People are fascinated with world records, especially when it comes to the human body. Many of us can remember leafing through the Guinness Book just to discover any number of human biological superlatives, whether it was height, age, weight or record number of successive sneezes. *Incidentally, that honour goes to Donna Griffin, who at the age of 12, sneezed around 1 million times during the course of one year.
Similarly, for whatever reason, be it hearsay or erroneous scientific conclusions, there are several myths about that human body that are accepted as fact. After providing a few fascinating world records, we will dispel a just a few of those myths.
Human Biological Records
1. The tallest recorded human ever to live was was 2.72 m (8 ft 11.1 in) tall
Unusual growth like this is called ‘gigantism’ and arises when the pituitary gland over-produces growth hormone.
2. The shortest recorded human ever to live is just 54.6cm (21 1⁄2 in) tall
At the time of writing, Chandra Bahadur Dangi was still living. Humans shorter than 147 cm (4 ft 10 in) are said to be suffering from dwarfism.
3. Of the top 100 oldest people, the majority are women
In developed countries, women can expect to live 5 – 10 years longer on average than men. There is no single reason for this. Factors such as higher oestrogen levels and genetics have been suggested as being important.
4. The oldest verified human was Jeanne Calment of France
She died in August 1997 at the age of 122 years and 164 days. There are claims of greater age but none have been properly proven.
5. The heaviest recorded person was Jon Brower Minnoch
Jon suffered from the medical condition of general oedema. This caused his body to retain fluids and was incurable. His maximum weight was 635 kg (100 stones).
Myths About the Human Body
6. It is a myth that a sneeze travels at 100mph
In a scientifically controlled small scale study, a group of researchers at the National Center for Biotechnology Information in the USA found that the maximum velocity was just 4.5m/s (about 10mph).

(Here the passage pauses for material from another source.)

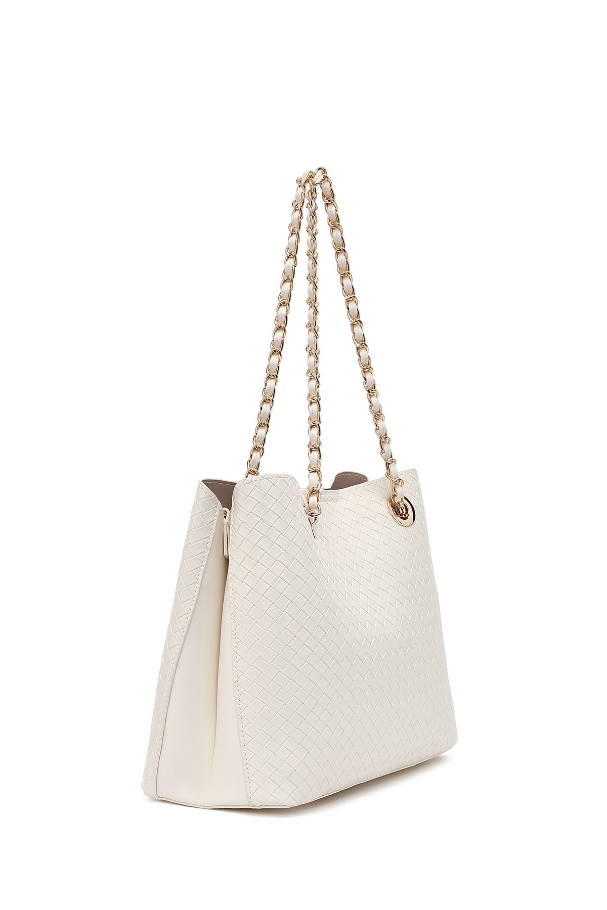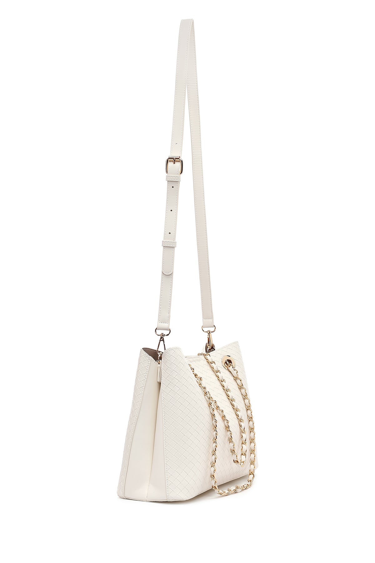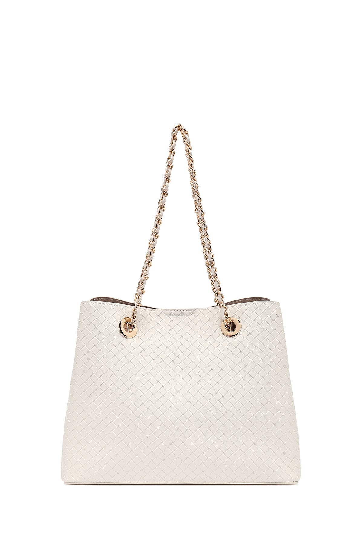 Kadın Krem Uzun Askılı Baskılı Omuz Çantası

7. Your ears and nose do not continue to grow throughout your life
The cartilage that makes up your nose and ears contains collagen and elastin fibres. These give cartilage its strength and shape. As you age, these fibres break down, causing the cartilage to sag.
8. Blood is not blue
Blood is either bright red or dark red, your veins often appear blue because of the properties of light. Only the wavelengths that we see as blue can reflect back through the skin from the veins.
9. It is a myth that we only use 10 percent of our brain capacity
If this were true, it should be possible to damage large parts of the brain without any problem. And why would the brain, a complex organ, evolve to be so inefficient?